The woman, whom Miss Kim only knew slightly, came to her and told her very bluntly of Sun Myung Moon, his message and his mission. She said that Reverend Moon wanted to meet Miss Kim. The way the lady introduced Reverend Moon and the Divine Principle to Miss Kim would be enough to dismiss the woman as a crackpot, and especially by someone well educated in Christianity, Miss Kim thought, if there is any truth in this whatsoever, I must find out.

She could not travel normally because of her weakened physical condition, so two men were sent from the church to bring Miss Kim to meet Reverend Moon. They carried her on a stretcher through the streets of Seoul to the church. Reverend Moon began to teach the Divine Principle to her. She stayed at the church for 3 days listening while he explained his revelation. As he taught her the illness began to disappear and by the end of those 3 days the symptoms she suffered disappeared. She was told that it was the power of the Divine Principle that healed her. During this time ladies from the church were in another room praying almost continuously for her.

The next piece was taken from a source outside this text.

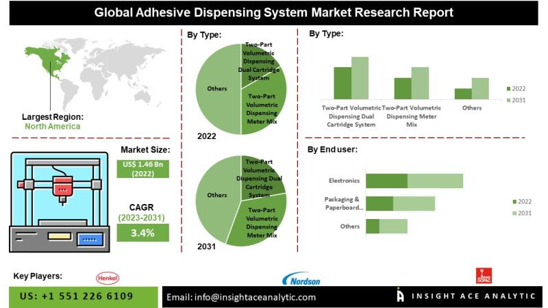 InsightAce Analytic Pvt. Ltd. announces the release of a market assessment report on the "Global Adhesive Dispensing Equipment Market- (By Type (Two Part Volumetric Dispensing Dual Cartridge System, Two Part Volumetric Dispensing Meter Mix, Hand Held Hot Melt Applicators, Other), By End-User (Packaging & Paper Board Packaging, Electronics, Industrial and Institutional, Construction, Others (Automotive and Medical)), Trends, Industry Competition Analysis, Revenue and Forecast To 2031."According to the latest research by InsightAce Analytic, the Global Adhesive Dispensing Equipment Market is valued at US$ 1.46 Bn in 2022, and it is expected to reach US$ 1.95 Bn by 2031, with a CAGR of 3.4% during a forecast period of 2023-2031.

She returned to the university pondering what she learned in those few short days and the man giving this message. She began to witness to Reverend Moon and his message. Her friend Mrs. Won Pak Choi, a professor of English at Eh Wha University also joined. When the University heard of their involvement with Unification Church, the ladies were fired from their teaching positions. There were a number of students at the university who also joined the church and later were expelled from the university because of their religious activities. After this group from the university joined this small church, there was a drought period when practically no one joined.

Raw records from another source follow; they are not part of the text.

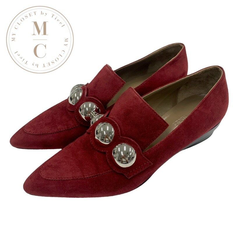 エルメス HERMES パンプス 靴 シューズ スエード ボルドー シルバー 丸スタッズ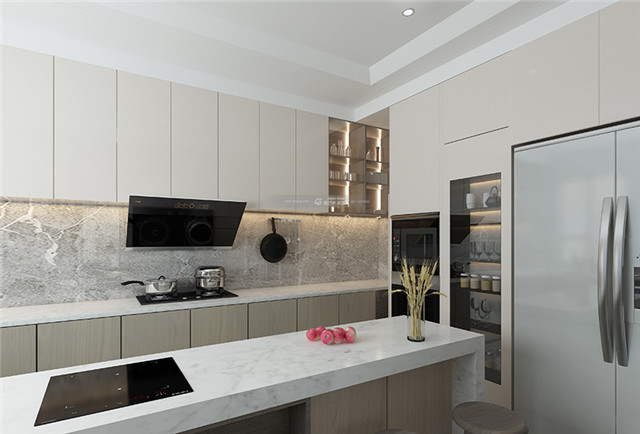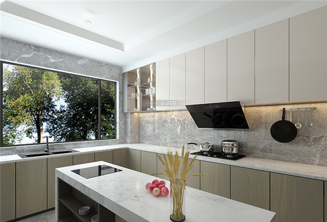 大大的窗子,明亮的氛圍,食物仿佛也有了更加鮮明的顏色。中間設(shè)置島臺,同時滿足中西廚烹飪需求,明亮、時尚的空間氛圍。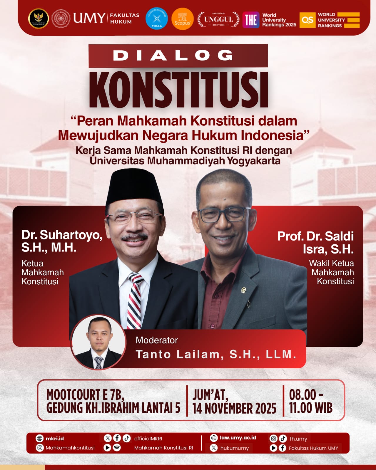 Kegiatan yang merupakan hasil kerja sama antara Mahkamah Konstitusi RI dengan Universitas Muhammadiyah Yogyakarta (UMY) ini mengusung tema sentral “Peran Mahkamah Konstitusi dalam Mewujudkan Negara Hukum Indonesia”.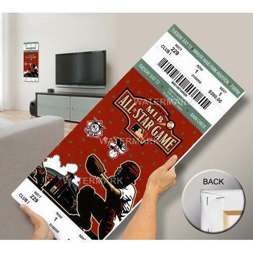 Officially licensed by MLB Mega Tickets are cutting-edge wall art. They are created from authentic game tickets enlarged 500% printed on archival canvas and professionally stretch-mounted. Perfect for autographs. Overall Size: 14(W) x33(H) x0.75(D).

This was the beginning of a period of extreme persecution. They were given the cult label. The persecution was perpetuated in Korean newspapers. When Reverend Moon became known in America, the Washington Post sent some of it's staff to Korea to dig up all the dirt on the church that was to be found there. For many years, practically all that was printed in the United States about Reverend Moon and the Unification Church was a rehash of the Washington Post articles.

At some point Reverend Moon asked Miss Kim to prepare a version of the Divine Principle in English then go as a missionary to the United States. She was chosen for this mission because of her theological education and command of the English language because of attending school in Canada. Because of Eve's role in the fall of man, it was also important that women fill a prominent role in reversing the the fall and the restoration of the world. She was well qualified for this mission, and indeed had prepared for it her entire life.

Miss Kim approached her difficult mission with some reluctance. She was plagued with doubts whether Americans could understand the Divine Principle or indeed would even be interested in it. She began working on the book, and often found excuses to delay the writing. All the time she wrestled with doubts about the Americans accepting Reverend Moon and the Divine Principle. But, when she delayed the writing and the mission, her previous illness returned. This she took as sign convincing her to return to the writing, and when she did, the illness left.

She planned not to translate the Korean Divine Principle book, but to write one in English approaching the Divine Principle from Western thought and the Western understanding of Christianity. The very first copies were individually typed by members. When I once mentioned, "you mean they typed all that by hand?" she replied with a typical Miss Kim reply to a dumb question, "do you think they typed them with their feet?". A later version was mimeographed in Korea and bound in a small paperback version which she brought to the United States, but never used. She immediately set about rewriting the Divine Principle.

Young Oon Kim arrived in the United States in January 1959. She entered the country as a student at the University of Oregon, and became established in Eugene. Thus her mission began.